Recorded information:
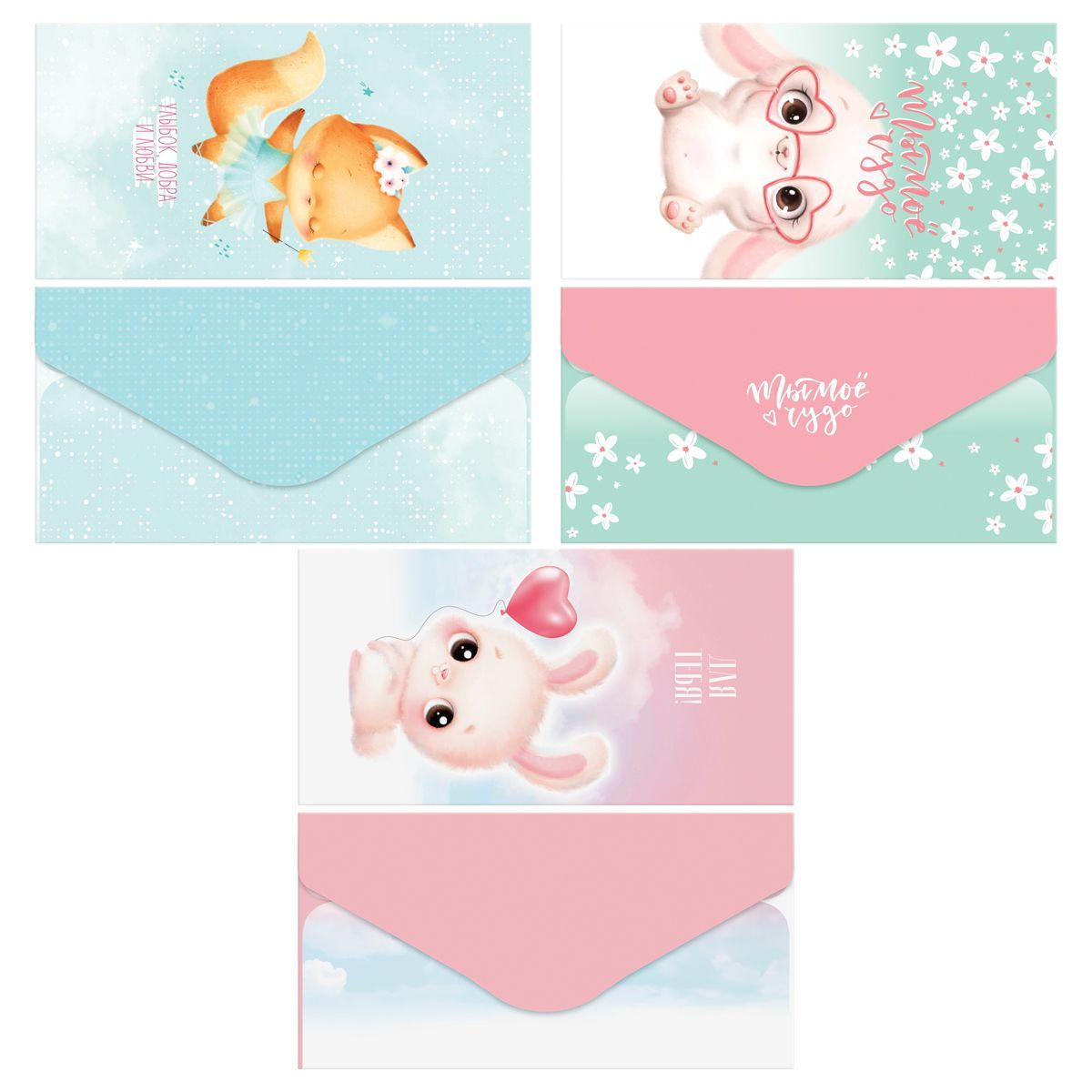 Конверт для денег MESHU "Милые друзья" 85*164мм, глянцевая ламинация, 3 дизайна
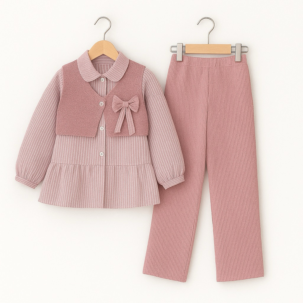 Setelan Anak Perempuan Terbaru 2025 Lengan Panjang Usia 4-15 Tahun Bahan Knit Mix Salur Terbaru Kekinian Fashion
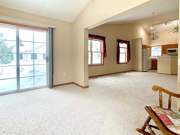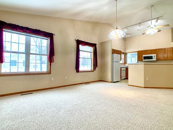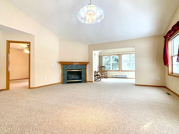 Enjoy one-level living in this 2-bedroom/2-bath townhome. End unit with open layout, gas fireplace, and sun room that walks out to a concrete patio. South-facing driveway. Kitchen with center island and gas range. Large primary bedroom with private 3/4 bath and walk-in closet. 2-car heated garage and screened-in porch. Updates include furnace (2017) and water heater (2014). Association replaced the roof in 2014. Brand new carpet throughout and new vanity cabinet in full bath. Next to overflow parking. Quick close possible.
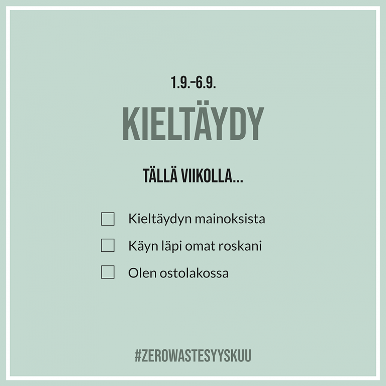 Nyt vietetään Zero Waste -syyskuuta. Teemakuukauden tavoitteena on lisätä tietoisuutta jätteen minimoimisesta ja herättää ihmiset tarkastelemaan kriittisesti arkipäiväisiä kulutusvalintoja.

What is being asked: Print the material verbatim; drop the pictures.

Solved problem:
 Конверт для денег MESHU "Милые друзья" 85*164мм, глянцевая ламинация, 3 дизайна
 Setelan Anak Perempuan Terbaru 2025 Lengan Panjang Usia 4-15 Tahun Bahan Knit Mix Salur Terbaru Kekinian Fashion
 Enjoy one-level living in this 2-bedroom/2-bath townhome. End unit with open layout, gas fireplace, and sun room that walks out to a concrete patio. South-facing driveway. Kitchen with center island and gas range. Large primary bedroom with private 3/4 bath and walk-in closet. 2-car heated garage and screened-in porch. Updates include furnace (2017) and water heater (2014). Association replaced the roof in 2014. Brand new carpet throughout and new vanity cabinet in full bath. Next to overflow parking. Quick close possible.
 Nyt vietetään Zero Waste -syyskuuta. Teemakuukauden tavoitteena on lisätä tietoisuutta jätteen minimoimisesta ja herättää ihmiset tarkastelemaan kriittisesti arkipäiväisiä kulutusvalintoja.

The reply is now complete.